* Problem to solve
Every line below from the one containing "Mexen Gaspar, gránit" through the one containing "有个性的自我介绍有个性的自我" must be transcribed exactly. Omit all lines outside that stretch.

--- Data for analysis ---

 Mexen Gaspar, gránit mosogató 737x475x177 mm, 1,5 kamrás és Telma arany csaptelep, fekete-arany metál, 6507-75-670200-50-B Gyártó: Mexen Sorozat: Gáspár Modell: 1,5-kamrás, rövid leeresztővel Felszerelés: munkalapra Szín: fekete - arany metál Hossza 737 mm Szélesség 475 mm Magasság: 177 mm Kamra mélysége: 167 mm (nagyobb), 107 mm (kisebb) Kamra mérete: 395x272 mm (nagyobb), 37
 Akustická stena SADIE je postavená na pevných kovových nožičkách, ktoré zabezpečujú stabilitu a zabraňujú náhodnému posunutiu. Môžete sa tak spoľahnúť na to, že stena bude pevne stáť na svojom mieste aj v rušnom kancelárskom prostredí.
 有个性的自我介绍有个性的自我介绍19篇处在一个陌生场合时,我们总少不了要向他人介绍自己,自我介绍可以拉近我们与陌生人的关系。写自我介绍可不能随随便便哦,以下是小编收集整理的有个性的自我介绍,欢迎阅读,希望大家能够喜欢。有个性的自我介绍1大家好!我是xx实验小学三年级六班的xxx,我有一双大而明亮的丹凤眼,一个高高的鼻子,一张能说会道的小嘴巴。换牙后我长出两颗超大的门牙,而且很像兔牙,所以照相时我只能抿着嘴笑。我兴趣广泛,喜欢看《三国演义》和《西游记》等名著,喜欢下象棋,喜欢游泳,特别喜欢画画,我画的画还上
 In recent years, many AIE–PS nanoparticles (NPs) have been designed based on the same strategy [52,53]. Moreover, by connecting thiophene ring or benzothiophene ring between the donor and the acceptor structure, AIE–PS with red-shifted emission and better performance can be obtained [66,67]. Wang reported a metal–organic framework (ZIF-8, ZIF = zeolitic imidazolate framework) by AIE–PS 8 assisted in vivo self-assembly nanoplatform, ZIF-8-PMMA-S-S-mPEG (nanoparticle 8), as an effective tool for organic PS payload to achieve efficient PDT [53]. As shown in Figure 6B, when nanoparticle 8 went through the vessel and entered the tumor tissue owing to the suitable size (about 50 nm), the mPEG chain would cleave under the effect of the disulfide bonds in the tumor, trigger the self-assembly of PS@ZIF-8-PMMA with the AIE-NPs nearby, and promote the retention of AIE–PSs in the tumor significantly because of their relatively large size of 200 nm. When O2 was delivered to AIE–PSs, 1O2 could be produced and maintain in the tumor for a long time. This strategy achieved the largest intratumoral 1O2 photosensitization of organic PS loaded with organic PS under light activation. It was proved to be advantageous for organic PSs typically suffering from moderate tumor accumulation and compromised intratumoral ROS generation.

---
--- Data for analysis ---

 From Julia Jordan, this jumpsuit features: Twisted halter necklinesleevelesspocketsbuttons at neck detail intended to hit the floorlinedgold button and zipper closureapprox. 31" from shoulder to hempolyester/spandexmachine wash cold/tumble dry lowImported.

---
--- Data for analysis ---

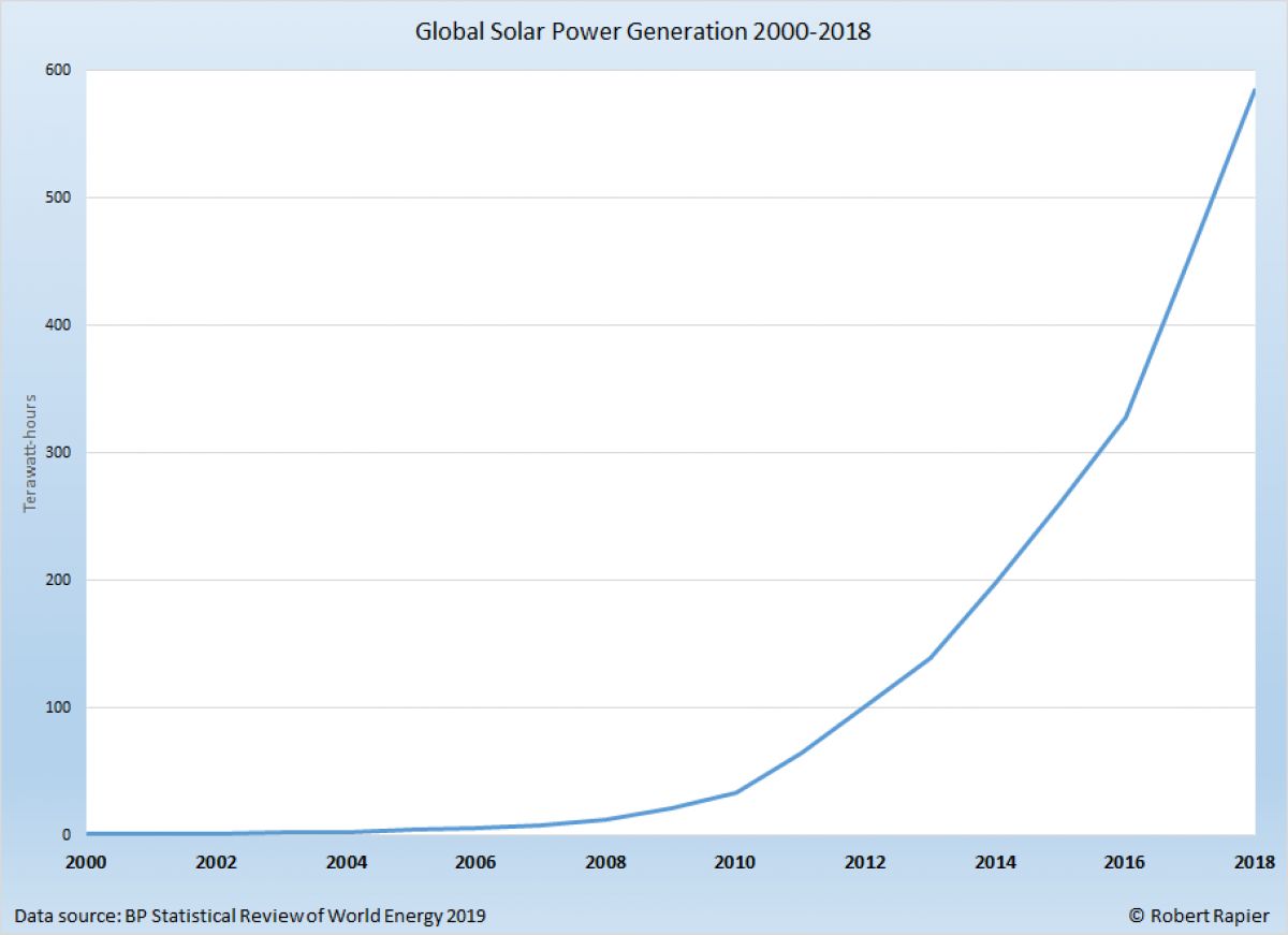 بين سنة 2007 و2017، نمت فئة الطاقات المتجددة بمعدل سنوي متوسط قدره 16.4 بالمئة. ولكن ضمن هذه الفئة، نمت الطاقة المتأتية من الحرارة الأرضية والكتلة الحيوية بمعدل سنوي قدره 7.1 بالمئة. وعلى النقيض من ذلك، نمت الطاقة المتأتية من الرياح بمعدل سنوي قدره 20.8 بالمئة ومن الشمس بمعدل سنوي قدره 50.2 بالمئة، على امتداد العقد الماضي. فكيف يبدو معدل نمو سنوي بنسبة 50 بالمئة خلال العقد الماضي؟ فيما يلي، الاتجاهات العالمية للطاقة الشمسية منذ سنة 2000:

---

* Your solution
 Mexen Gaspar, gránit mosogató 737x475x177 mm, 1,5 kamrás és Telma arany csaptelep, fekete-arany metál, 6507-75-670200-50-B Gyártó: Mexen Sorozat: Gáspár Modell: 1,5-kamrás, rövid leeresztővel Felszerelés: munkalapra Szín: fekete - arany metál Hossza 737 mm Szélesség 475 mm Magasság: 177 mm Kamra mélysége: 167 mm (nagyobb), 107 mm (kisebb) Kamra mérete: 395x272 mm (nagyobb), 37
 Akustická stena SADIE je postavená na pevných kovových nožičkách, ktoré zabezpečujú stabilitu a zabraňujú náhodnému posunutiu. Môžete sa tak spoľahnúť na to, že stena bude pevne stáť na svojom mieste aj v rušnom kancelárskom prostredí.
 有个性的自我介绍有个性的自我介绍19篇处在一个陌生场合时,我们总少不了要向他人介绍自己,自我介绍可以拉近我们与陌生人的关系。写自我介绍可不能随随便便哦,以下是小编收集整理的有个性的自我介绍,欢迎阅读,希望大家能够喜欢。有个性的自我介绍1大家好!我是xx实验小学三年级六班的xxx,我有一双大而明亮的丹凤眼,一个高高的鼻子,一张能说会道的小嘴巴。换牙后我长出两颗超大的门牙,而且很像兔牙,所以照相时我只能抿着嘴笑。我兴趣广泛,喜欢看《三国演义》和《西游记》等名著,喜欢下象棋,喜欢游泳,特别喜欢画画,我画的画还上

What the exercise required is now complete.